--- What to work on ---
For each entry below, please return its exact wording and leave out any picture.

--- Data provided ---
= = = = =

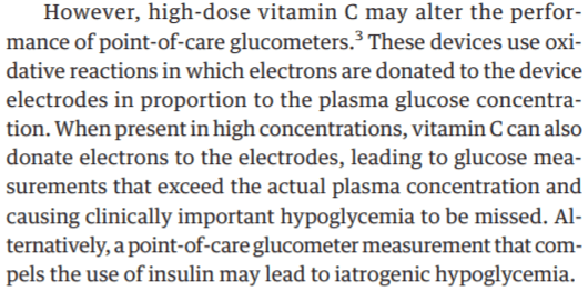 - There is also some concern about high-dose vitamin C altering the performance of point-of-care glucometers, “leading to glucose measurements that exceed the actual plasma concentration and causing clinically important hypoglycemia to be missed.”
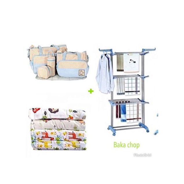 Séchoir 3 Niveaux Avec Roues + Sac à Langer + Draps De Sortie 4 Pieds
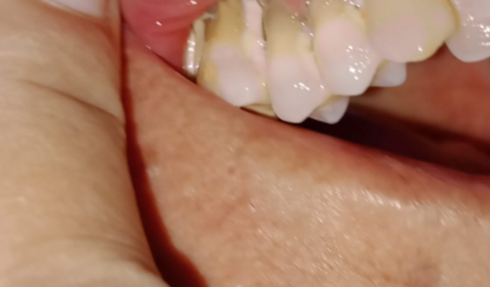 Os medicos disseram que se não desinchase e não fizesse o tratamento afetaria ainda mais os meus dentes. Infelizmente, eu não consegui cuidar, e ao longo dos anos venho perdendo meus dentes e sofrendo de dores terríveis.
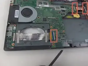 Отключите большие и маленькие ZIF-разъёмы, подключённые к материнской плате, перевернув светлую часть фиксатора.
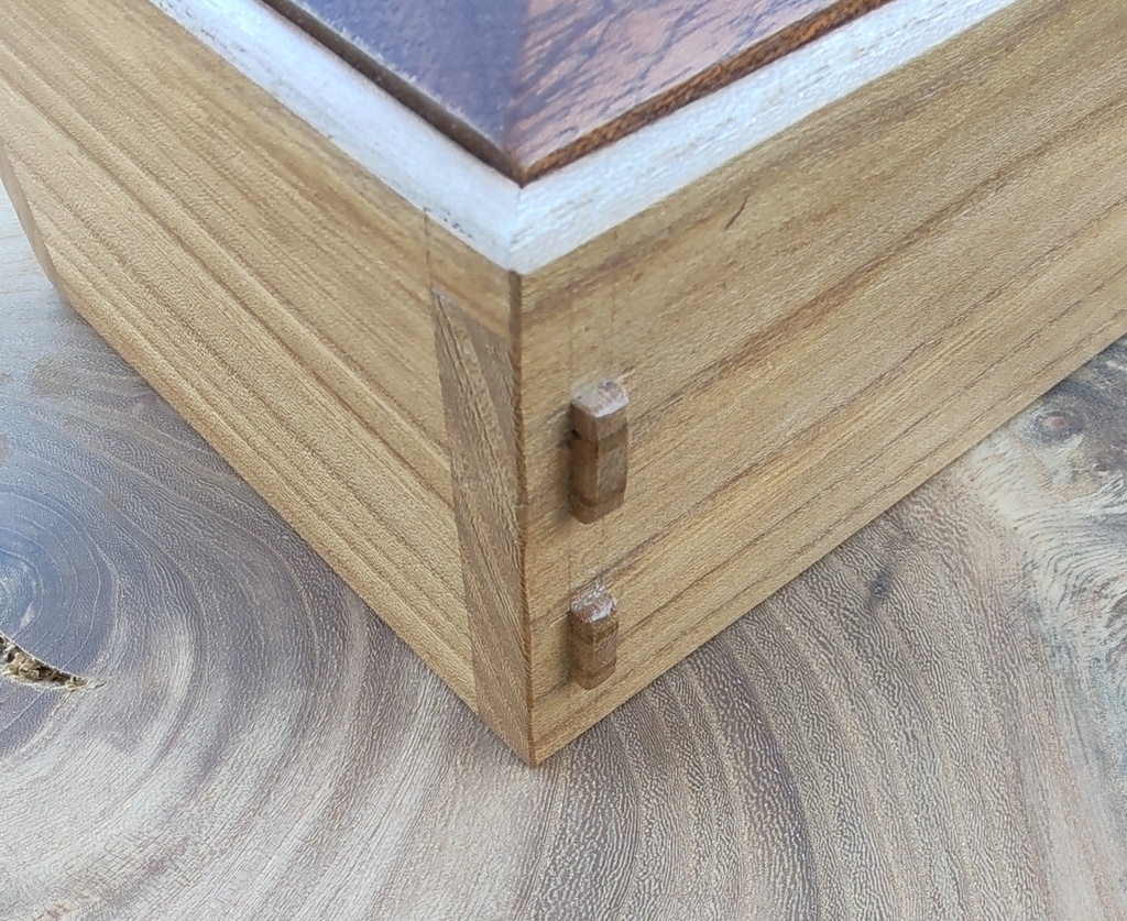 Boîte en orme, exotique et chêne avec assemblages d'angles à tenons mortaises à coins, avec onglets. Le fond est inséré dans une rainure.

= = = = =

--- Response below ---
 - There is also some concern about high-dose vitamin C altering the performance of point-of-care glucometers, “leading to glucose measurements that exceed the actual plasma concentration and causing clinically important hypoglycemia to be missed.”
 Séchoir 3 Niveaux Avec Roues + Sac à Langer + Draps De Sortie 4 Pieds
 Os medicos disseram que se não desinchase e não fizesse o tratamento afetaria ainda mais os meus dentes. Infelizmente, eu não consegui cuidar, e ao longo dos anos venho perdendo meus dentes e sofrendo de dores terríveis.
 Отключите большие и маленькие ZIF-разъёмы, подключённые к материнской плате, перевернув светлую часть фиксатора.
 Boîte en orme, exotique et chêne avec assemblages d'angles à tenons mortaises à coins, avec onglets. Le fond est inséré dans une rainure.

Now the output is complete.